The Alzheimer’s Associatio­n said the data confirmed that the drug “can meaningful­ly change the course of the disease,” and called on US regulators to approve the company’s applicatio­n for accelerate­d approval.

The full data showed some patients with a genetic risk of developing the disease did not benefit from lecanemab based on the CDR-SB measure. They did show improvemen­t for the trial’s secondary goals, including other measures of cognition and daily function. Overall, lecanemab patients benefited by 23% to 37% compared with a placebo on these secondary trial goals.

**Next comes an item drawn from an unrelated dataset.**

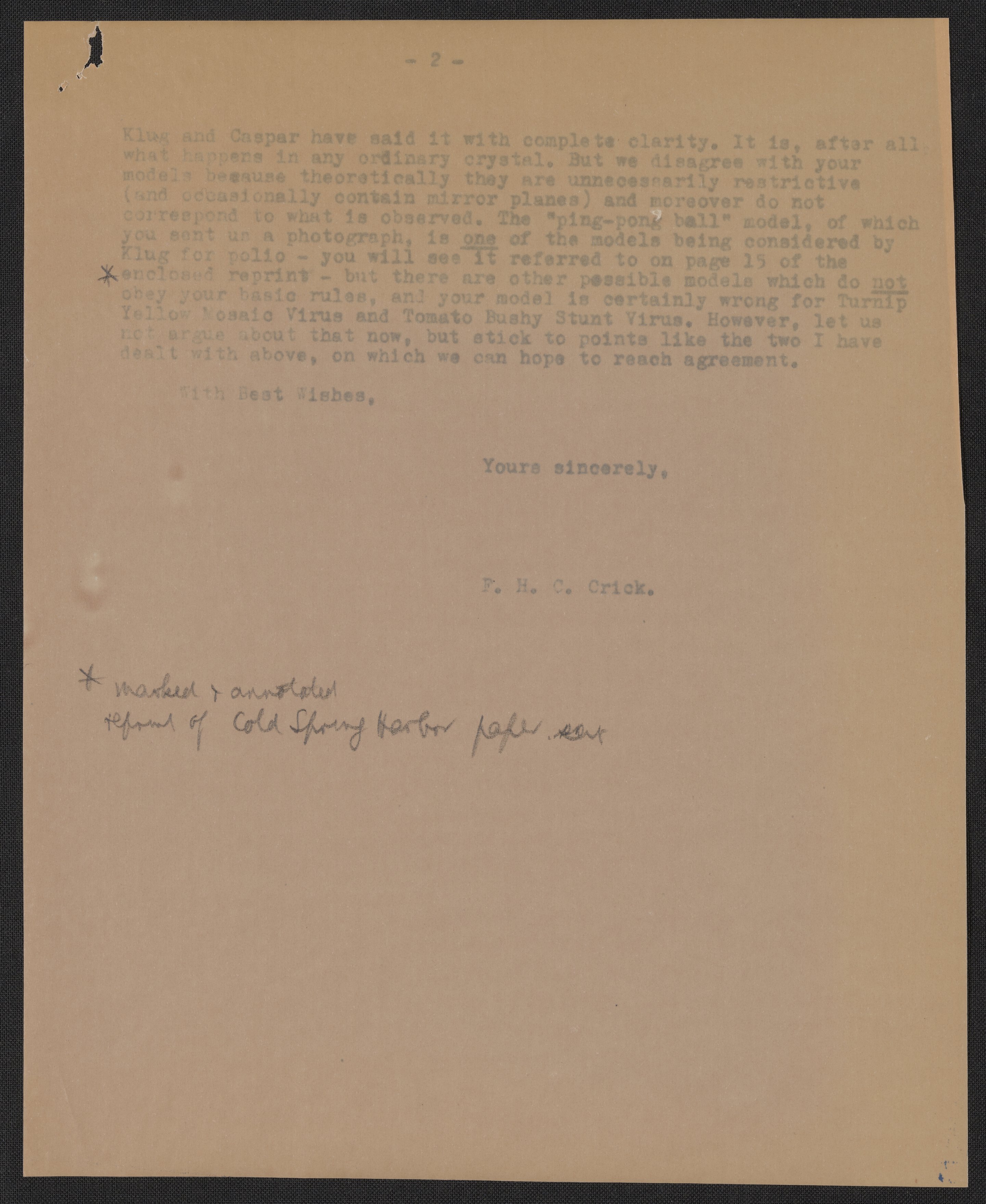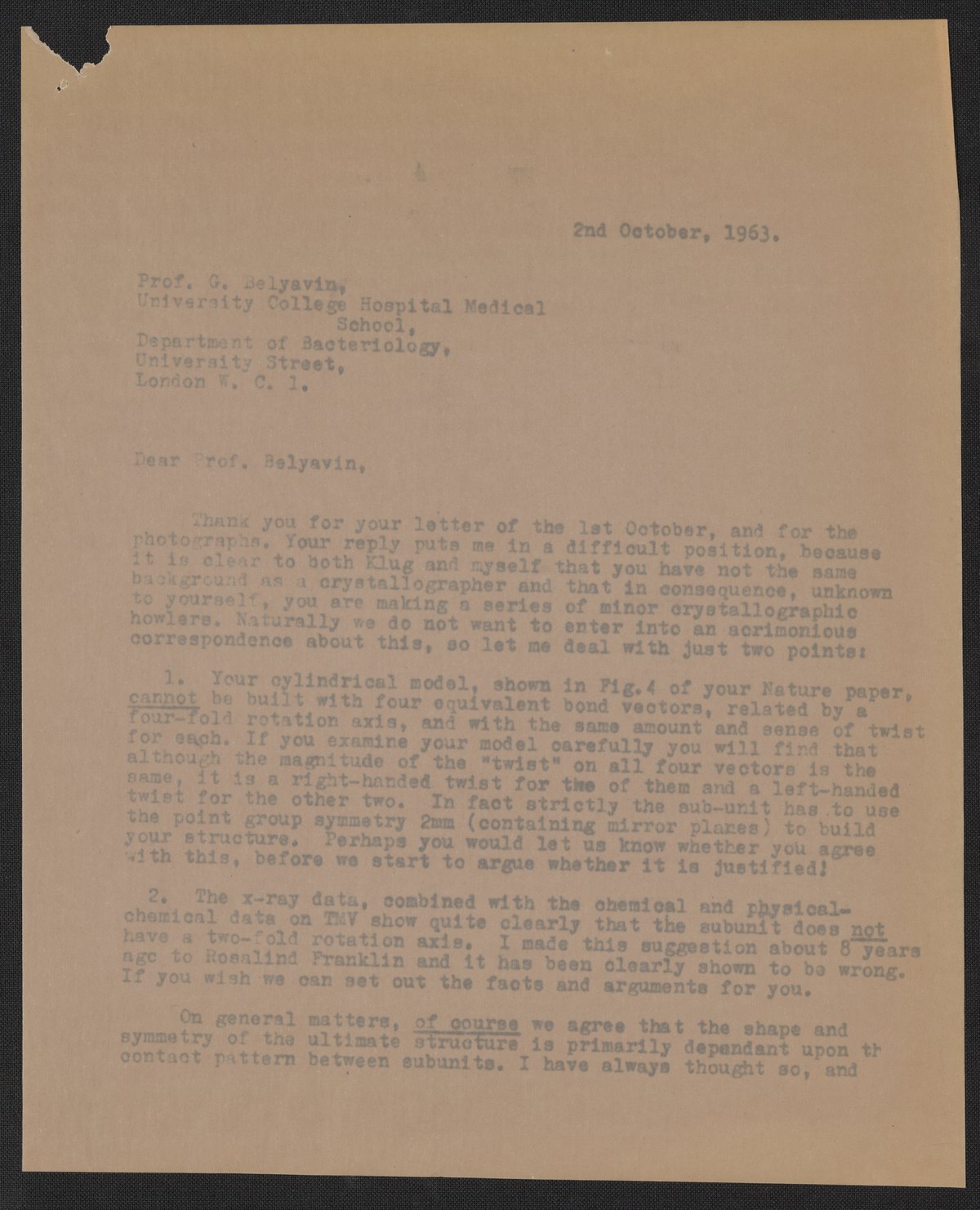 Crick, Francis. “Letter from Francis Crick to George Belyavin, October 2, 1963,” October 2, 1963. History of Molecular Biology Collection, Box 19, Folder 21. Science History Institute. Philadelphia. https://digital.sciencehistory.org/works/2v7zrhh.

“I believe it’s an important benefit that will justify full approval. But of course, we want a bigger benefit,” said Dr Paul Aisen, director of the University of Southern California Alzheimer’s Therapeuti­c Research Institute and a co-author of the study published in the New England Journal of Medicine.

He said lecanemab was likely to provide greater benefit if given earlier in the disease, “before you’ve accumulate­d enough irreversib­le damage to be causing symptoms.”

Detailed data from the study were presented at the Clinical Trials on Alzheimer’s Disease meeting in San Francisco.

Eisai believes the trial results prove a theory that removing amyloid beta from the brains of people with early Alzheimer’s can delay advance of the disease.